Start of Extracted data

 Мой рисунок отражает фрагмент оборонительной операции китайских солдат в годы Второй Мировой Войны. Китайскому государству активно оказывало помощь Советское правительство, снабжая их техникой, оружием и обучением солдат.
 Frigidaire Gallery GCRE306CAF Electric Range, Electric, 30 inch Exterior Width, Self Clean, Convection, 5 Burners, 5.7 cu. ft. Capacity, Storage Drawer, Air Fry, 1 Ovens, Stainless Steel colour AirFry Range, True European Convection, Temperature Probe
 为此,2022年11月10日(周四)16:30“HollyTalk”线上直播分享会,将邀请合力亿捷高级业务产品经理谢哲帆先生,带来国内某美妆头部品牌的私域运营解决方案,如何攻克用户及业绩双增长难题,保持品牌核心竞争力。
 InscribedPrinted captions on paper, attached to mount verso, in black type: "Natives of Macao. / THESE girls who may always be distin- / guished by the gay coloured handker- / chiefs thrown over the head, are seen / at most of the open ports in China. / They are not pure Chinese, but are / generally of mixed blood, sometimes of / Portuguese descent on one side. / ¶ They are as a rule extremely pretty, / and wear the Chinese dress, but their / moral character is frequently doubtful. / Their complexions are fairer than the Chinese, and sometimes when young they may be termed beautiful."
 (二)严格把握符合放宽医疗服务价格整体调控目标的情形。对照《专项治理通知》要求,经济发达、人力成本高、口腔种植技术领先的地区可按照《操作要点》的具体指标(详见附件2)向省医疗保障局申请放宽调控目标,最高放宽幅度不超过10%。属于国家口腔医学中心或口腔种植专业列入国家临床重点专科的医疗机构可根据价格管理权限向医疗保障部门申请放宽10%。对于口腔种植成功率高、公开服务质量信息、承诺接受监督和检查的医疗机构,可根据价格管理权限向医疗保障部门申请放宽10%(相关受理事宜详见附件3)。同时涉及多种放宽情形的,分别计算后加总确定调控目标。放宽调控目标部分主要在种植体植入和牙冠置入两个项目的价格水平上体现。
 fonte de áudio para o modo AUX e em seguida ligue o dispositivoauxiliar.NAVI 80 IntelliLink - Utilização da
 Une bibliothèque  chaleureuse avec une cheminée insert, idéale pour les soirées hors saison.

End of Extracted data
Start of Extracted data

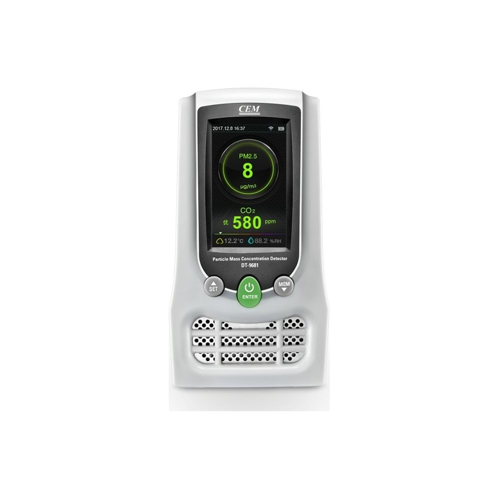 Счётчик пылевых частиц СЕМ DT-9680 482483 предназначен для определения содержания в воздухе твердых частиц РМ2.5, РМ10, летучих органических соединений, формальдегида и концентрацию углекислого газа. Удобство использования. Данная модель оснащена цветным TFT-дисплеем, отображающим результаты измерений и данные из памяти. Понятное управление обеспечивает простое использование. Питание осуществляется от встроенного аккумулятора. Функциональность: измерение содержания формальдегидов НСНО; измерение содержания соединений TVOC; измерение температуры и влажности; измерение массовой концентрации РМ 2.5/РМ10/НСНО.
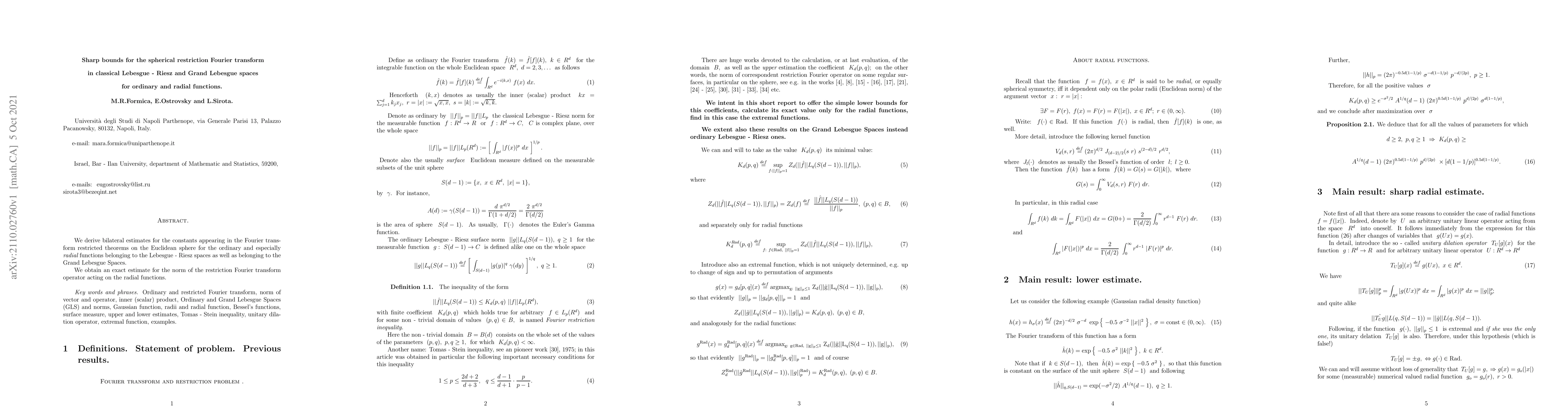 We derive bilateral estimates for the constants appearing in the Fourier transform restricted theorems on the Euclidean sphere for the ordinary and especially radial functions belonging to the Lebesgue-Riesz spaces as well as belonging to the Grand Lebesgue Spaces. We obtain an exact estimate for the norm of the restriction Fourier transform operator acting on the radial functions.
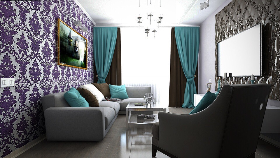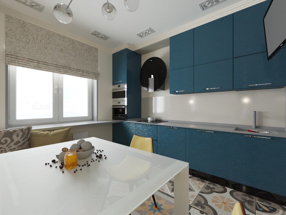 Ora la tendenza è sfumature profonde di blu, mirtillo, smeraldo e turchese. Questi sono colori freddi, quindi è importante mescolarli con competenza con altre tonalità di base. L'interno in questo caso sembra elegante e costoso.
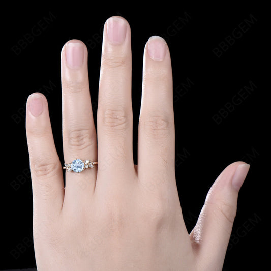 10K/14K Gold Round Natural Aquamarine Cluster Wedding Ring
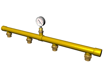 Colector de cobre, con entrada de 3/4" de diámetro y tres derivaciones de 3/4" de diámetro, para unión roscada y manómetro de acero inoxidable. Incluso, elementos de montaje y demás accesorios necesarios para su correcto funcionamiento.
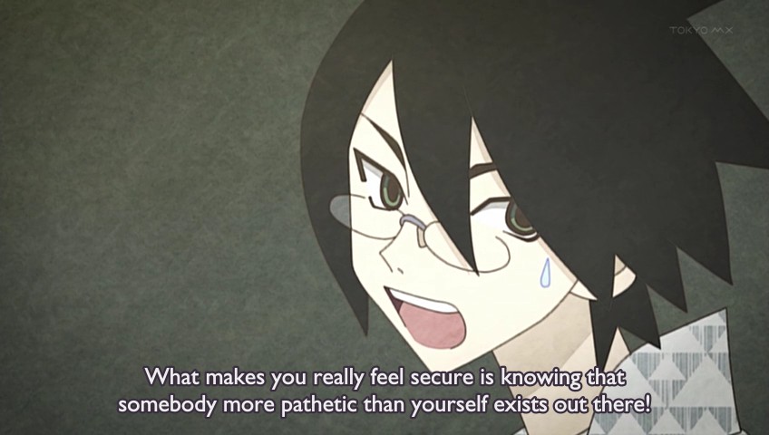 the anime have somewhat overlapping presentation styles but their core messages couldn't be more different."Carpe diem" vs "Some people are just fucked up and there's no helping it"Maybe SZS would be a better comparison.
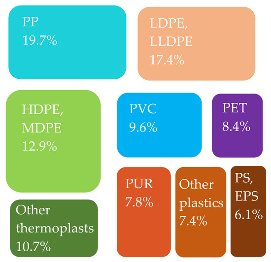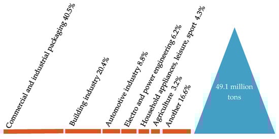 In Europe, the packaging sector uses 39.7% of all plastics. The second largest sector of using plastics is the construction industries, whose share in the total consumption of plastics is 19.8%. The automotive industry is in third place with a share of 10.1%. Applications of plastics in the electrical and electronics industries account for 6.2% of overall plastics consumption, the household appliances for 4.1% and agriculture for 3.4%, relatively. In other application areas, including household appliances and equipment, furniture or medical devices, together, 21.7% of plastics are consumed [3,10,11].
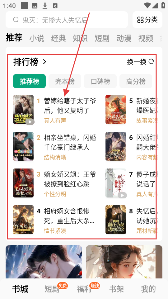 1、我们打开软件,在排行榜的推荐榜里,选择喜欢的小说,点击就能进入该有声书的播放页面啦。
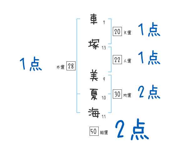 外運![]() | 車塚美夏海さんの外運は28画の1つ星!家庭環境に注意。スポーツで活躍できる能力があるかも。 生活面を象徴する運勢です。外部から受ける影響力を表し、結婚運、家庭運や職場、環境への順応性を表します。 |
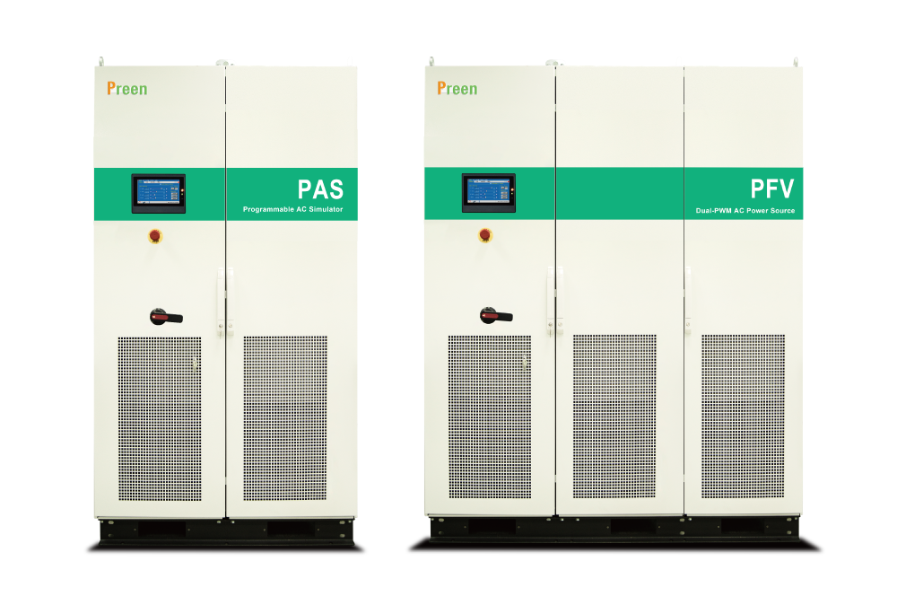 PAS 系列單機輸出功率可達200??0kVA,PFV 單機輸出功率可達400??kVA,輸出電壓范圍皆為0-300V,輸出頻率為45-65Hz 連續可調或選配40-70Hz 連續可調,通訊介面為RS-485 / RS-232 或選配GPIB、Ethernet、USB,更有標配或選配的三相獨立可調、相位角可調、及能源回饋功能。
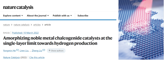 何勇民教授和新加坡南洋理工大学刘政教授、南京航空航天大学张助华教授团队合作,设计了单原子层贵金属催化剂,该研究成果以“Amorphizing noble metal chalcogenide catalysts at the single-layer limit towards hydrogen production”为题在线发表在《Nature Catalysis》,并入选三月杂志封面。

End of Extracted data

Work instructions >>
I would like the exact lines from the data above, starting with the one that holds "Ora la tendenza" and going on through the one that holds "noble metal chalcogenide", without the pictures.

Task output >>
 Ora la tendenza è sfumature profonde di blu, mirtillo, smeraldo e turchese. Questi sono colori freddi, quindi è importante mescolarli con competenza con altre tonalità di base. L'interno in questo caso sembra elegante e costoso.
 10K/14K Gold Round Natural Aquamarine Cluster Wedding Ring
 Colector de cobre, con entrada de 3/4" de diámetro y tres derivaciones de 3/4" de diámetro, para unión roscada y manómetro de acero inoxidable. Incluso, elementos de montaje y demás accesorios necesarios para su correcto funcionamiento.
 the anime have somewhat overlapping presentation styles but their core messages couldn't be more different."Carpe diem" vs "Some people are just fucked up and there's no helping it"Maybe SZS would be a better comparison.
 In Europe, the packaging sector uses 39.7% of all plastics. The second largest sector of using plastics is the construction industries, whose share in the total consumption of plastics is 19.8%. The automotive industry is in third place with a share of 10.1%. Applications of plastics in the electrical and electronics industries account for 6.2% of overall plastics consumption, the household appliances for 4.1% and agriculture for 3.4%, relatively. In other application areas, including household appliances and equipment, furniture or medical devices, together, 21.7% of plastics are consumed [3,10,11].
 1、我们打开软件,在排行榜的推荐榜里,选择喜欢的小说,点击就能进入该有声书的播放页面啦。
 外運![]() | 車塚美夏海さんの外運は28画の1つ星!家庭環境に注意。スポーツで活躍できる能力があるかも。 生活面を象徴する運勢です。外部から受ける影響力を表し、結婚運、家庭運や職場、環境への順応性を表します。 |
 PAS 系列單機輸出功率可達200??0kVA,PFV 單機輸出功率可達400??kVA,輸出電壓范圍皆為0-300V,輸出頻率為45-65Hz 連續可調或選配40-70Hz 連續可調,通訊介面為RS-485 / RS-232 或選配GPIB、Ethernet、USB,更有標配或選配的三相獨立可調、相位角可調、及能源回饋功能。
 何勇民教授和新加坡南洋理工大学刘政教授、南京航空航天大学张助华教授团队合作,设计了单原子层贵金属催化剂,该研究成果以“Amorphizing noble metal chalcogenide catalysts at the single-layer limit towards hydrogen production”为题在线发表在《Nature Catalysis》,并入选三月杂志封面。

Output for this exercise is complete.